Pivot Points anyone?

I just busted my account; I’m adding pivot points to my analysis; so, far they are just pretty good indicators of support resistance (kind of draws S/R lines for you if you’re into price action), without any indication of direction. There’s several types of pivot points: Classical, Camarilla, Fibonacci, Woodie, etc. I am using Fibonacci calculations. Which one of these do you prefer to use and why?

Me only H+L+C /3,. keep it simple ,keep is ***y .Boys from NYC love them and trade on them No Touch every day . So worth having them as the indication of possible support /resistance.
#TradeSafely

I use Pivot Points on a daily basis for finding entry and exit points alongside with other indicators

I’m a huge fan of Fibonacci myself so I sometimes use the Fibonacci pivot points along with the retracement levels. I guess it’s all about figuring out which type of calculation you’re comfortable with. Sorry to hear about your account, though!
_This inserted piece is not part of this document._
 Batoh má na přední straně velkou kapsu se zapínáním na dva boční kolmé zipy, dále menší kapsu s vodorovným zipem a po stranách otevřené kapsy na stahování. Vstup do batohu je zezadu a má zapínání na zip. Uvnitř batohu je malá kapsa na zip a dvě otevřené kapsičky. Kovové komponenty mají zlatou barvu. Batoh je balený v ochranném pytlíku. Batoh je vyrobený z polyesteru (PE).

I prefer to avoid all of them, because my trading’s profitable that way.

Independent, academic studies have reliably and consistently shown that the various methods of constructing “pivot points” are no more collectively/statistically reliable than randomly drawn lines.

To show that Fibonacci (for example) works, you’d need to do a statistically significant trial comparing and calculating the proportion of occasions on which it outperforms/underperforms randomly-drawn lines. That’s actually been done, many times, but never with the outcome the Fibonacci-enthusiasts expect and want.
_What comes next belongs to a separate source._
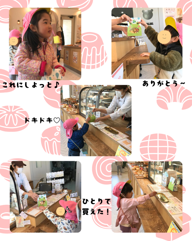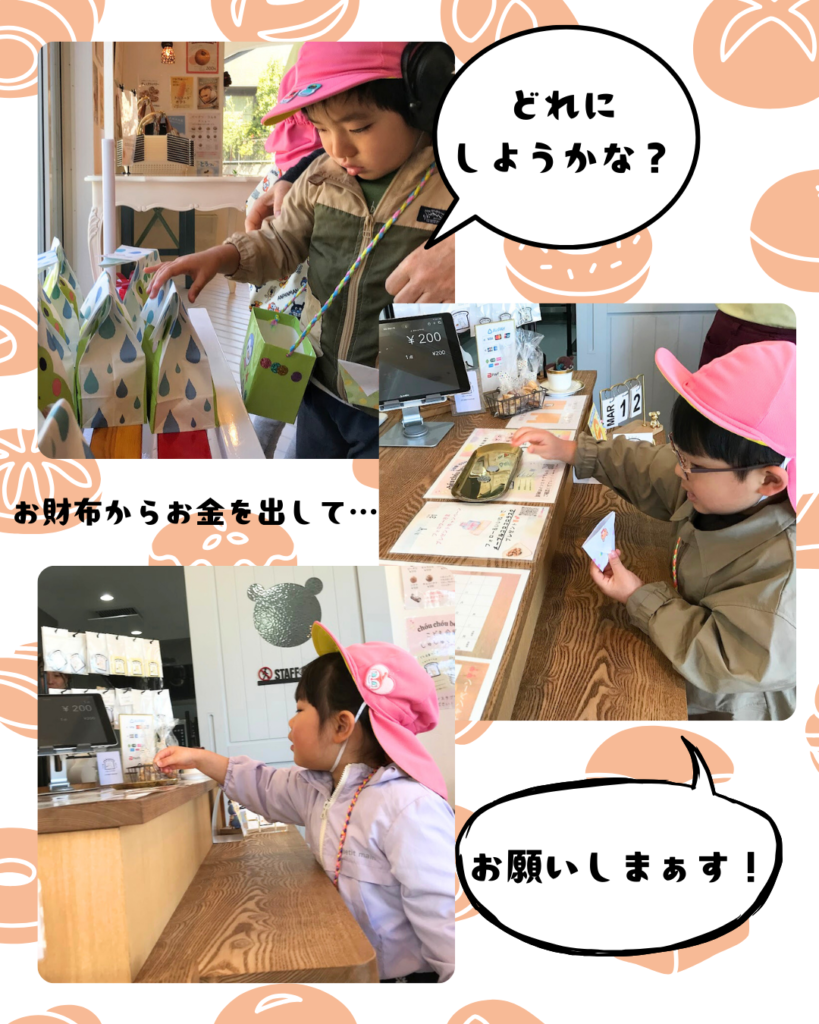 今回シュシュベアーさんが子どもたちのために、ミニパンのセットを用意してくださいました!子どもたちが自分で好きなセットを選んで、レジに持っていきます😀大事に持ってきたお財布からお金を出して、店員さんからパンを受け取ることができました!少しドキドキしながらも、とっても嬉しそうな子どもたちでした😊「お願いします」や「ありがとう」が言えてさすがもも組さんでした!買ったパンはおうちでパパやママと一緒に食べてね♪

“Randomly drawn line theory” can be demonstrated to work really successfully, too.

But only skepchicks like me want to read about that. :wink:

Many traders look at indicators as “holy grails”, assigning properties to them they don’t objectively possess.

The world is full of anecdotal “evidence”, and trading books/courses/videos are more full of them than most other parts of the world.

Applause…

Wasn’t gitpip deriding the notion of traders making slow but consistent returns on another thread? Well, by his own admission, trading for big profits leads to bust account.

The words “We told you so” spring to mind…Hopefully he will have learnt from this and eaten some humble pie…

I agree, Lexy, that lines on a chart mean very little per se…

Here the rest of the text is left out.